Bitcoin is on track for its fourth annual decline in history, but the first not linked to a major scandal or a complete collapse within the cryptocurrency industry. This decline comes at a time when the market is supposedly more mature and regulated than in previous cycles.
The latest downward trend occurred on Monday, when Bitcoin experienced a sharp sell-off that sent it tumbling as much as 3.7% during New York trading. This brings the cryptocurrency down about 7% since the start of the year, while it was trading at around $87,000 at 11:00 AM Riyadh time on Wednesday.
Although this correction appears less severe than the previous three years, which saw annual losses, its timing is surprising, as it comes in a completely different environment characterized by widespread institutional adoption, evolving regulatory frameworks, and unprecedented political support from US President Donald Trump.
Loss of momentum after the historic summit
Since Bitcoin hit a record high above $126,000 in early October, the market has been in turmoil, unsettling even the most optimistic and leaving digital assets constantly searching for a foothold. Trading volumes have noticeably declined, investors have begun withdrawing funds from Bitcoin-linked exchange-traded funds (ETFs), and derivatives markets have shown a weakening appetite for betting on a near-term recovery.
Even massive purchases by one of the market's biggest whales, represented by Strategy& led by Michael Saylor, weren't enough to change the overall trend. Prateek Kalla, a portfolio manager at Apollo Crypto, noted that most investors were surprised that the numerous positive catalysts hadn't translated into actual price increases.
Conversely, the market's downward trend has decoupled Bitcoin from US stocks. While the S&P 500 has reached record highs and gained approximately 16% since the beginning of the year, and technology stocks have continued to outperform, Bitcoin has failed to keep pace.
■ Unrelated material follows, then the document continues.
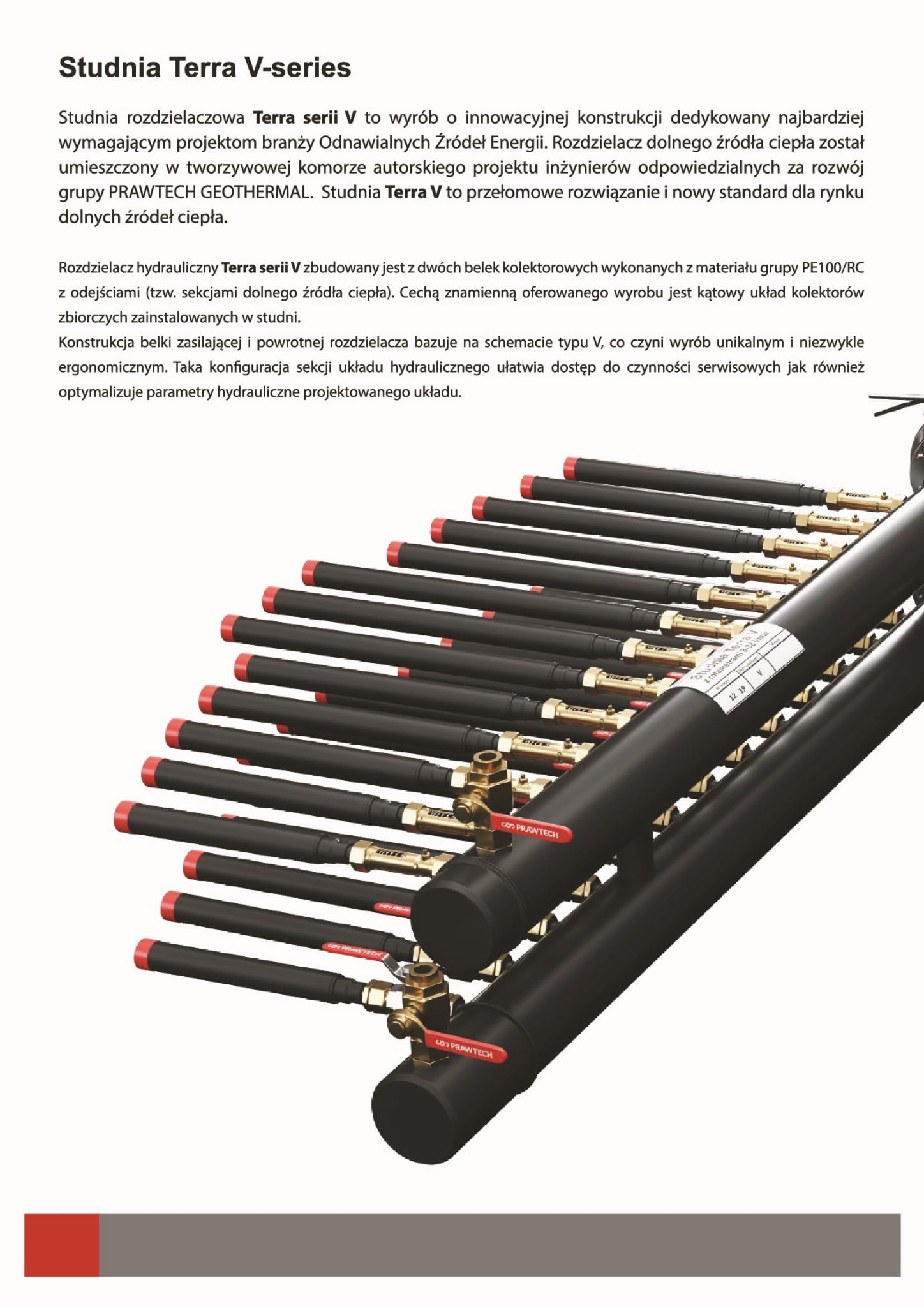 Rozdzielacz hydrauliczny Terra serii V jest zbudowany z dwóch belek kolektorowych wykonanych z tworzywa PE100 RC z odejściami zwanymi sekcjami. Główną cechą tego rozwiązania jest kątowych układ kolektorów zbiorczych studni. Konstrukcja belki zasilającej i powrotnej tworzy schemat V co czyni układ unikalnym oraz niezwykle ergonomicznym. Konfiguracja układu sekcji V ułatwia dostęp do czynności serwisowych oraz optymalizuje parametry hydrauliczne układu.

Lessons from past collapses
Since its launch on exchanges in 2010, Bitcoin has experienced three major annual losses, all linked to events that directly shook market confidence. In 2014, the hack and collapse of the Mt. Gox exchange exposed deep vulnerabilities in the nascent cryptocurrency infrastructure, demonstrating to early investors that their funds were not necessarily safe on centralized platforms, leading to a roughly 58% drop in the currency's value that year.
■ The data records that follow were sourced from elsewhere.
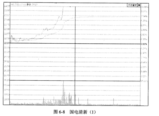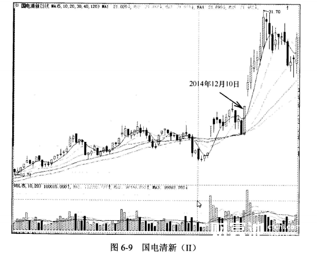 图6-8是国电清新在2014年12月10日的K线分时走势。我们看到股价平开,经过一个短暂的洗盘,股价平稳上升,量能放大,股价在接近午盘时也就稳稳地封在了涨停板上。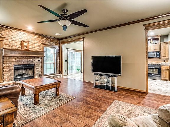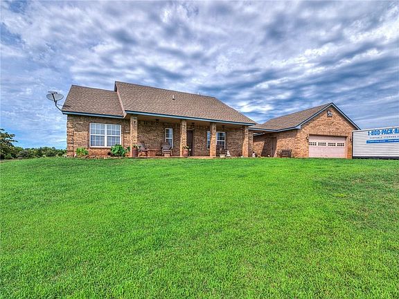 Completely custom built home sits on 10 acres in a quite peaceful setting, heavily wooded with 2 ponds! Your sure to see abundant wildlife. Perfect place to bring you livestock. PERFECT LOCATION! EASY access to I-44, I-35, IN 5 minutes. H.E. Bailey. Equipped with a double stemwall foundation, built to withstand earthquakes! . Master suite has separate shower and whirlpool tub, double sinks, granite countertops and walk in closet. Secondary bedroom has a built in study area and walk in closet. Large utility room with cabinets for storage. Enjoy the smell of a real wood burning fireplace in the living room. Your kitchen has plenty of cabinets and countertop space, granite, custom trim and breakfast bar. In the garage there is a climate controlled room, could be used for workout room, flex room or home office. Amazing opportunity to own a truly unique solid built, beautiful brick home on acreage. This home is very aggressively priced to sell fast!
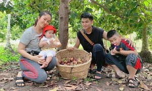 Vợ chồng Lê Phương đưa hai con Cà Pháo, Bông đến vườn trái cây của

Four years later, the initial coin offering (ICO) bubble burst following stricter regulatory measures, sending Bitcoin and other cryptocurrencies into a sharp downward spiral. The 74% decline in 2018 remains the largest in the cryptocurrency's history to date.
The 2022 crash was the most impactful in terms of repercussions, not only because of the inflated market size at the time, but also as a result of the collapse of major companies, most notably the FTX platform led by Sam Bankman Fried, and the subsequent strict regulatory campaign under the Joe Biden administration.
Time correction instead of price collapse
Maxime Zeiler, CEO of STS Digital, believes the current cycle may end as a temporary correction rather than a sharp price collapse. According to this view, Bitcoin could enter a prolonged period of consolidation, with prices fluctuating between $70,000 and $100,000.
Up until the October peak, the picture suggested that Bitcoin's rise was unstoppable. Trump had declared cryptocurrencies a national priority, the US Congress had passed pivotal legislation concerning stablecoins, Bitcoin exchange-traded funds attracted billions of dollars, acquisition deals and funding rounds soared, and enforcement cases opened under the previous administration receded.
But behind this momentum, weaknesses were accumulating, chief among them excessive leverage. This fragility exploded into the open on October 10, when $19 billion in leveraged positions were liquidated, plunging cryptocurrency markets into sharp turmoil.
Liquidity withdrawal and whale pressure
Following the liquidation wave, large Bitcoin holders began selling, keeping prices under pressure even after most leverage had exited the market. According to CoinDesk data, trading volumes in November saw their largest monthly decline since the beginning of 2024.
Multiple indicators suggest that traders are currently preferring to remain on the sidelines. Investors have withdrawn more than $5.2 billion from US-listed Bitcoin spot funds since October 10, and market depth, which measures the market's ability to absorb large trades without sharp fluctuations, has fallen by about 30% compared to its peak this year, according to data from Caico.
According to Kalla, the selling off by old whales played a crucial role in weakening the momentum, noting that the industry got everything it asked for on the regulatory front, including index funds with advanced features, but prices did not respond as expected.